Monday, September 17, 2012








Mugger: "Give me all your money."

Muggee: "Do you know who I am?"
Mugger: "No."
Muggee: "I'm the Chairman of Goldman Sachs…
Muggee: "Ok, so give me all my money.





Romney's got a new commercial out  titled “Where Did All the Money Go?”, and it essentially accuses Obama of engaging  in so-called “political payoffs” while in office.The ad lays thick text over images of burning cash ... “Friends, donors, campaign supporters, special interest groups,”  “Where did the Obama stimulus money go?”  
Suspect it'll be effective too.  Keep wishing the Dems would get wise to the fact that the public has been insufficiently schooled on the realities of the Stimulus package(s).  I don't think most people understand how it works and how it's not about money but about faith--faith in the health of credit. What are they afraid of?  Or do they not understand what it is that the general public doesn't understand?  Obama is a great communicator, but I haven't heard him explain it in lay terms a la Roosevelt and LaGuardia who used similar talents to connect the dots for those of us who need a little TLC, even if it is candy coated and truth free. Must be hard for those who really know how the game works cause they probably also know that the shrewd bastard Ford was right...if people knew, there'd be hell to pay. 
Last week Sunday  Times Crossword (Sept. 9) was a real stinker- Not particularly clever theme  and nothing playful about it.  Using one clue to apply to two separate answers can be fun only if the relationship between the two provides some kind of guidance as to how they are related or at the very least have something clever in common ...but in this case it was almost literal minded and I struggled for a bit because I kept assuming some element of irony or whimsy was present ...and it wasn't.   And my Saturday morning happiness is dependent on a good Sunday puzzle!  So hey Will Shortz...get your synonym for poop together. 


Reading this novel for our men's book group--our group's founder knows author De Jonge, and we often try to choose books written by authors willing to join us for dinner where we can then pepper (him/her) with questions that do more to spotlight our ignorance and naivete than stimulate meaningful dialogue.
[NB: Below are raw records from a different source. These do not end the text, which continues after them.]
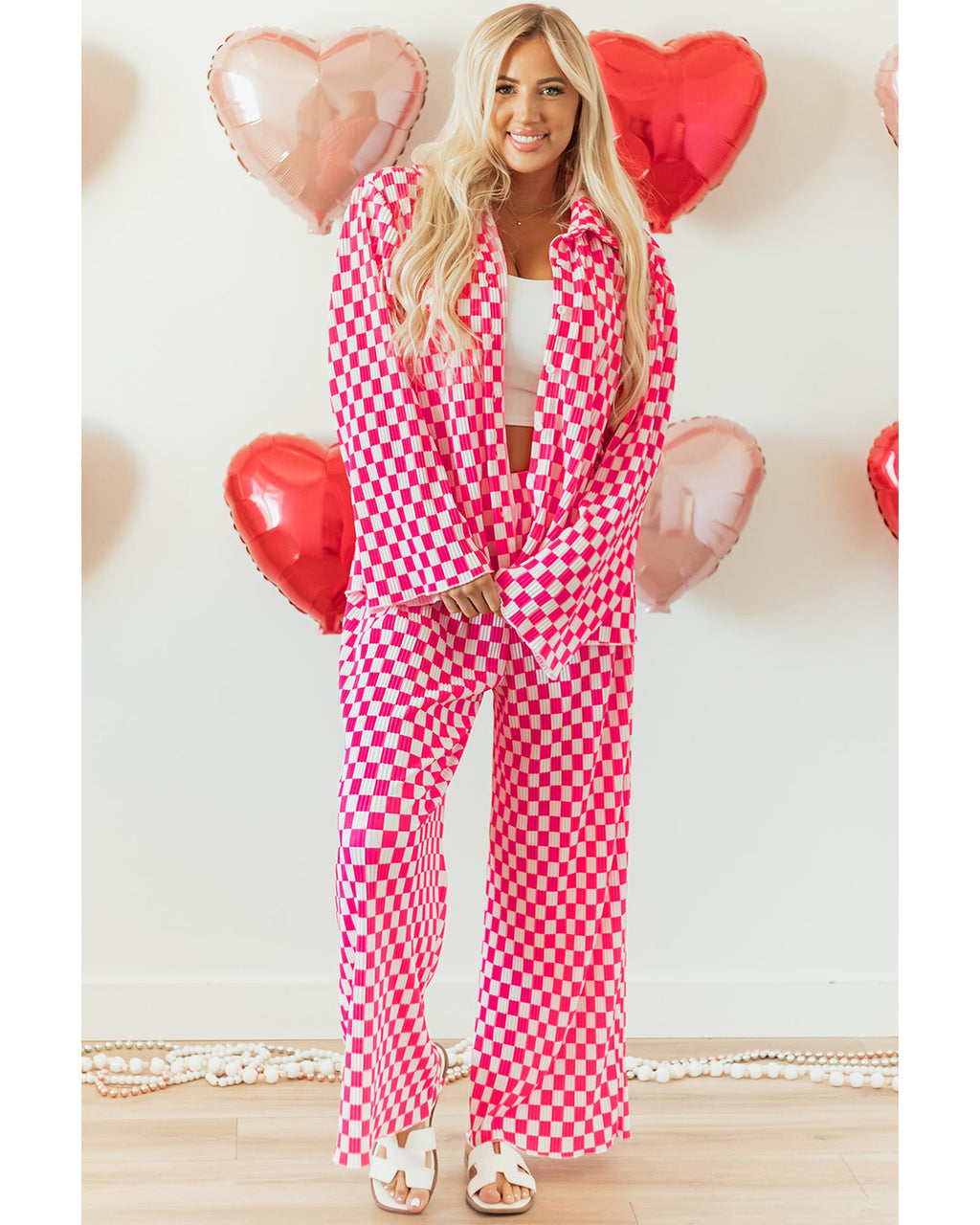 Pink Checkered Buttoned Shirt and High Waist Pants Pajama Set - M
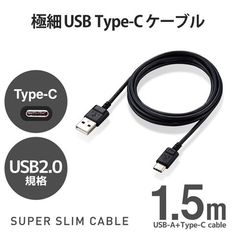 エレコム(ELECOM) MPA-ACX15BK ブラック USB-Cケーブル Type-Cケーブル 極細 A-C 1.5m
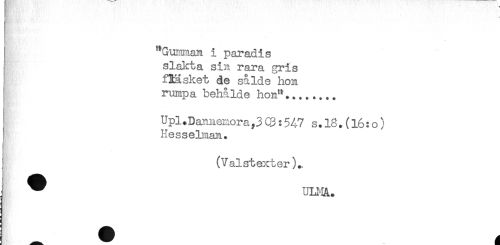 //// ' - * //// "Guiman i paradis //// slakta sin rara gris //// fTäsket de sålde hon //// rumpa behålde hon"........ //// Upl.Dannenora,3 CB: 547 s.18.(16:o) //// Hesselinan. //// (Valstexter).. //// ^ ULMA. ////
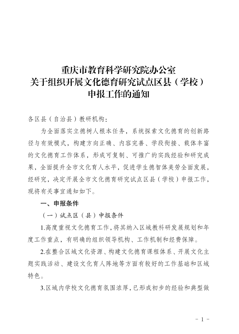重庆市教育科学研究院办公室关于组织开展文化德育研究试点区县(学校) 申报工作的通知
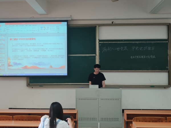 本网讯(记者 张玉蓉)9428cn太阳集团古天乐学生联合党支部于2021年4月22日,在A5-110举行了第十九次微党课学习。本次微党课的主题是《延续中华文化》的主题报告,主讲人是赖韵婷、邓文乾同志,学生党员同志和入党积极分子都认真听取此次党课。
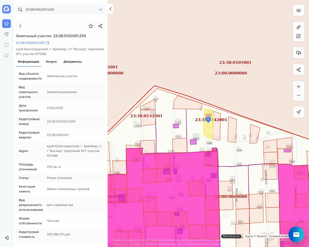 Земельный участок площадью 753 +/- 19 кв. м, категория земель: земли населенных пунктов, разрешенное использование: для садоводства, с кадастровым номером: 23:38:0142001:259;
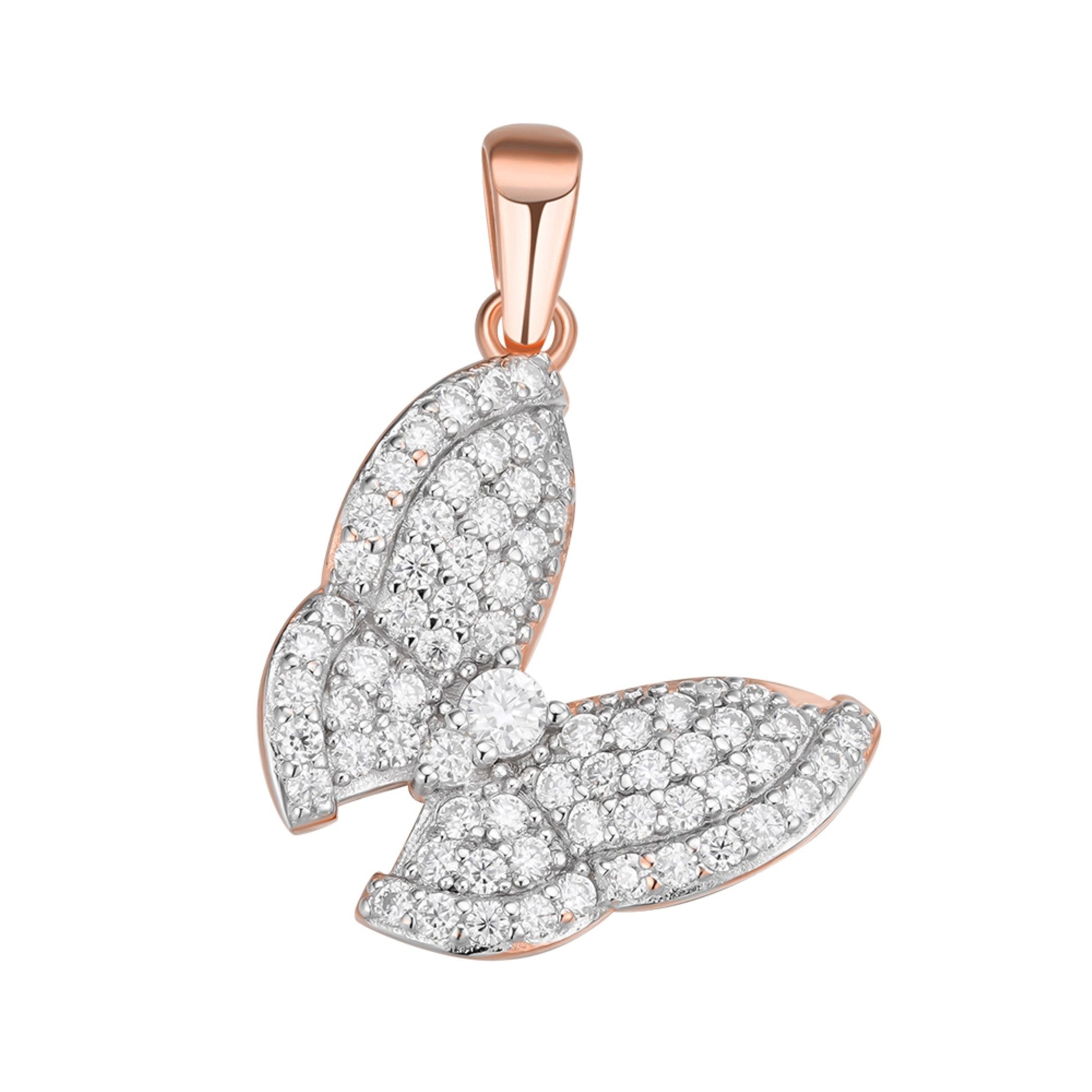 S.Silver Round Moissanite Butterfly Animal Pendant RP 3/4 Cttw
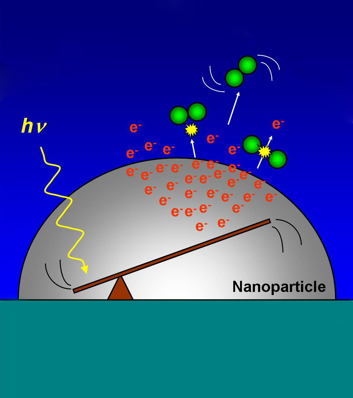 ステンドグラスの美しい色は、そこに含まれた金属ナノ粒子の「プラズモン」と呼ばれる光と電子の相互作用で生じています。我々はプラズモン効果を駆使し、ナノ粒子表面上で起こる光化学反応を何十倍も増強することに成功しました。分光学と表面科学の手法を用い、将来の太陽エネルギーの有効利用も視野に入れた基礎研究を行なっています。
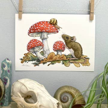 This is a quality reproduction of an original illustration. The original was drawn in pen and then painted with ink and watercolor on paper. The Epson paper this is printed on has a smooth, matte finish that gives the long-lasting and lightfast inks excellent clarity. There will be a small white border for framing. Each print is carefully signed by the artist, packed and mailed flat with a rigid backing. This print measures 8"x10".
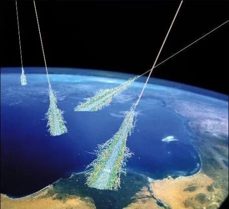首先从最上面,有来自宇宙的叫宇宙射线。宇宙射线主要是由核子、质子和α粒子组成,其余的还包括一些电子、伽马射线等等。当然也有我们非常非常难捕捉的大量的中微子,我们称作是“幽灵粒子”。
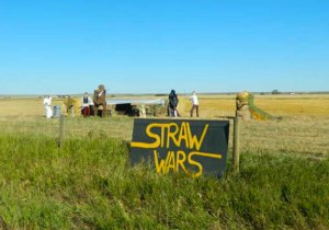 Well, it’s covered in burlap. But the straw’s inside. Still, better not throw a bone at it.
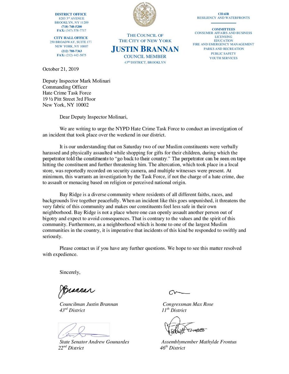 @NYPD68Pct Community Affairs and Hate Crime Task Force are looking into the incident. -
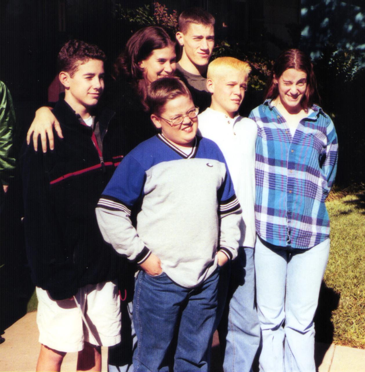 This is a picture of the cousins on my mothers side. It was taken during the Thanksgiving holidays. From the right is Nick, Morgan, Adam, me, Scott, and Marci. Not pictured are, Natalie, Karli and Randy. Natalie was away at college and Randy couldn't make it. Karli was not born yet. Nick and Natalie are Brother and sister, and Adam, and Scott are brothers, Karli is Scott and Adam's new sister.
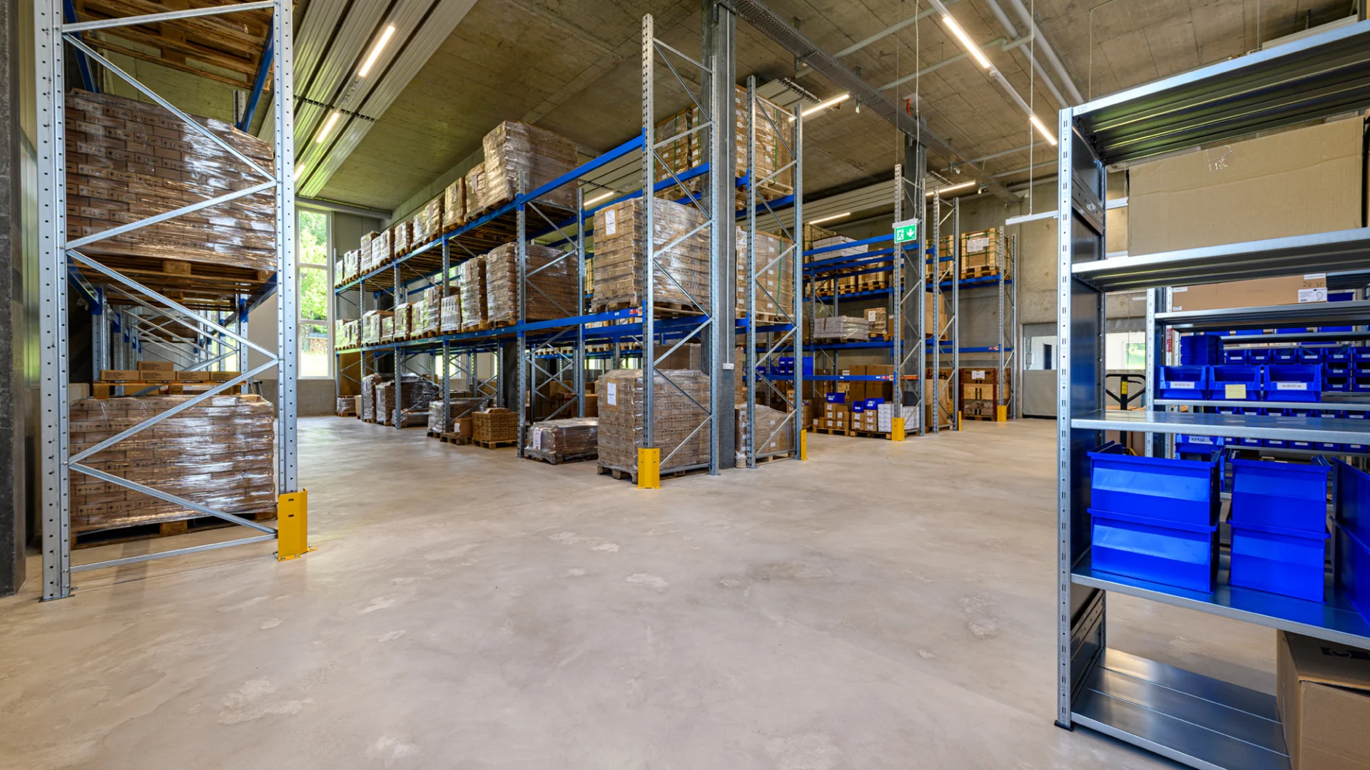 Nach über 50 Jahren am Standort Au konnte Ende 2021 das neue Domizil in Oberbüren, Kanton St. Gallen, bezogen werden. Das ökologisch vorbildliche Gebäude mit eigener Photovoltaik- und Erdsondenanlage bietet mit 570 m² Lager- und Logistikfläche ausreichend Platz für eine zuverlässige Belieferung des Schweizer Marktes mit Standardartikeln. Zwei Drittel der Lagerfläche sind für Paletten vorgesehen, der Rest ist mit Regalen für offene Ware ausgestattet. Service, Packstation und Versand befinden sich auf derselben Ebene. Im grosszügigen Schulungs- und Ausstellungsraum können individuelle Trainings für bis zu 20 Personen durchgeführt werden.

But good time is usually had by all and no one goes home hungry.  
While reading this witty,street wise and deceptively well crafted book I was reminded that there's no substitute for strong plot, compelling characters and smart "real world" observation.  This book may be considered light formulaic genre reading to some (though "Literary" is a genre too) but I'm enjoying every page and turning them enthusiastically--which is something I can't say I've done with the work  produced by the "heavyweights" like Franzen, Foer, Diaz, DeLillo...et.al.


  
Who came up with this standard Security Check question they ask at airports?

“Has anyone put anything in your baggage without your knowledge?”

Maybe the question originally was something like:  " To the best of your knowledge, has anyone...."  and due to lax training and low standards it has morphed into incomprehensibility like a message in a game of Telephone....OR...
 It's intentionally worded that way in order to induce a state of metaphysical confusion (rendering us more likely to reveal our deadly secret plans)  as we ponder the notion of having knowledge of something for which we have no knowledge!

And how about:

Do you have anything in your bag that could be used as a weapon? 

You mean other than using the bag itself which could be swung in such a way as to result in lacerations, momentary disorientation or even a concussed cranium? Hmmm?  Well I could use my phone charger cord as a garrote and my pens are potentially  lethal  and could conceivably be laced with poison ink. My books can, if skillfully handled, cause damage if wielded and/or thrown with sufficient force and  my assorted  paper products could  produce  cuts with depths adequate to induce bleeding.  Also,  my dental floss could easily be more than enough to disable an unsuspecting victim not familiar with the tenacious strength and durability of the seemingly benign twine--and my eyeglasses could quickly and easily be transformed into  shards of glass sharp enough to sever a major artery...but other than that, no I don't think so.